LitStack Rec: Women in Their Beds & Ilium

by Tee Tate
Ilium BY Dan SimmonsSIMMONS

I wish I had had Dan Simmons as a teacher in 6th grade (he taught grade school in Colorado for 14 years and was, at one point, a finalist for Colorado’s Teacher of the Year). I have a feeling that he would have brought literature to life for an 11 year old dreamer – he sure brought the Iliad to life to a middle aged dreamer in his book, Ilium.
You don’t have to have read the Iliad to appreciate the role it plays in Ilium, but knowing Homer’s retelling of the actions surrounding the Trojan War allows you to realize just how deep Simmons’ knowledge is, and how effortlessly he spins that knowledge into a spectacular story that spans centuries and civilizations – and yet that’s just part of the tale. He takes modern day historical scholars who are actually observing/participating in a living, unfolding Trojan War taking place on Mars (yes, Mars) and interacting with Olympian gods (yes, you heard right), and folds in another story about the future of humans on Earth – a future where humans are both prominent and highly compromised. Oh, and then there’s the spaceship which sets off from Jupiter with four very different creatures manning it (one a sentient machine with a penchant for Shakespeare) that is derailed by (or perhaps sabotaged by) political maneuverings taking place light years away. Uh huh.

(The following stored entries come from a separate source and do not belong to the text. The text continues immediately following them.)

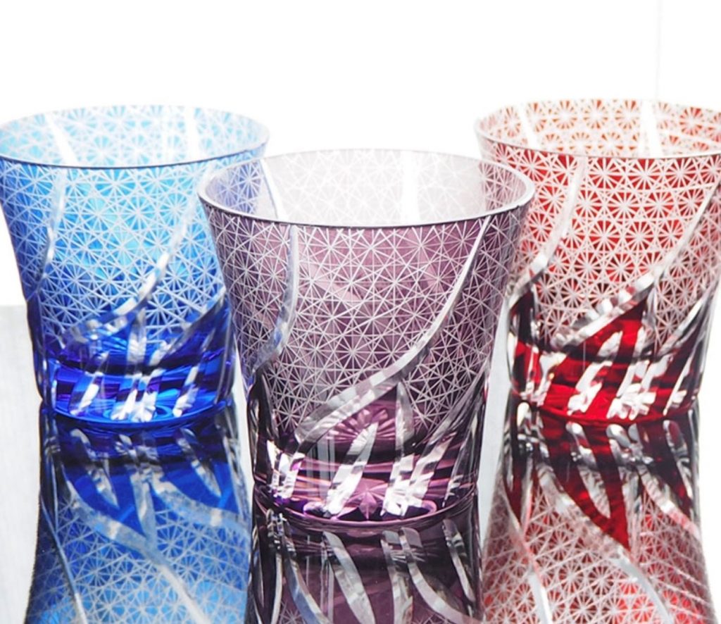 受け継がれたカットグラスの工法で、ひとつひとつ職人さんの手によって生み出される切子グラス。
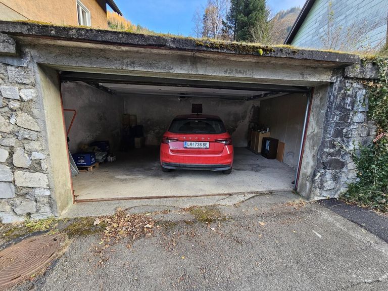 Doppelgarage an der Parkstraße in den Hang gebaut, mit elektrischem Toröffner.
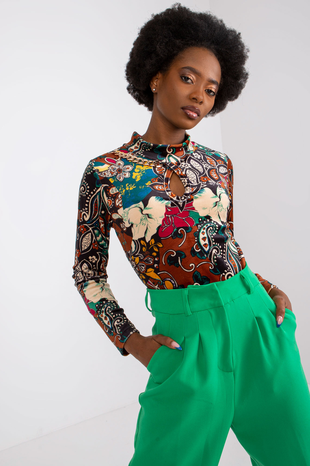 Rudų raštų palaidinė su veliūru Bologna. priedai: grandinės medžiagasudėtis: 95% poliesteris, 5% elastanas skalbimo būdas: skalbimas mašinoje 30°C Gaminio kodas: DHJ-BZ-6291-1.77P dominuojantis raštas: spauda (spausdinta) Stilius: kasdienis, miesto stilius Proga: kasdienis
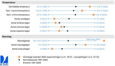 Op basis van de waarnemingen van Ukkel t.e.m. 19 december 2024 en de voorspellingen voor de rest van het jaar, ziet het er naar uit dat 2024 met een gemiddelde temperatuur van 11,9°C het zesde warmste jaar sinds het begin van de metingen in 1833 zal worden. De recordjaren blijven 2022 en 2020 met een gemiddelde temperatuur van 12,2°C. Met een verwachte gemiddelde minimumtemperatuur van 8,5°C eindigen we waarschijnlijk op een gedeelde tweede plaats (samen met 2014). Het record blijft hier staan op 2023 met 8,6°C.

This book is certainly not trivial, and not a particularly easy read, although an immensely rewarding one. The three stories that Simmons undertakes in Ilium are very different, not only in setting and characters but in tone as well. The author asks a lot of his readers, to believe in events unfolding in three different manifestations of the science fiction/fantasy genre: historical fantasy, future fantasy, and space fantasy. Just when you being to get totally absorbed in one of the stories, the next turn of the page starts a new chapter where you have been thrown into another, picking up where it left off. The reader has to shrug off where they were and immediately pick up and submerge into the other, for the stories do not appear to be connected to each other with any common thread. But somehow, Simmons pulls this off, through his writing skill, and through the utter captivation we have with each of the stories individually.

Each one of the three sub-plots has well developed and captivating characters, but my favorite is Thomas Hockenberry – an unassuming, quite ordinary 21st century historian who has been “rebirthed” to observe the events in Martian Troy, and finds himself caught up in some very non-Homerian intrigue between the gods on Olympos Mons and the men that battle on the plains far below. Even with this highly imaginative scenario, Thomas Hockenberry never becomes some epic superhero (although he does ease into human hero), and the story never succumbs to convenient magic, which can be the bane of a good fantasy story. Everything unfolds believably, even in an unbelievable situation. You don’t even worry when the three stories will interact, but when they do, it is both surprising and very satisfying.

If you’re not afraid of a bit of a literary work-out (and you shouldn’t be – Simmons does most of the work for you), then by all means, snag this book. You’ll never think of the Trojan War the same again. Or Mars. Or, for that matter, Shakespeare. Or…. Well, you get the idea. Now, get the book!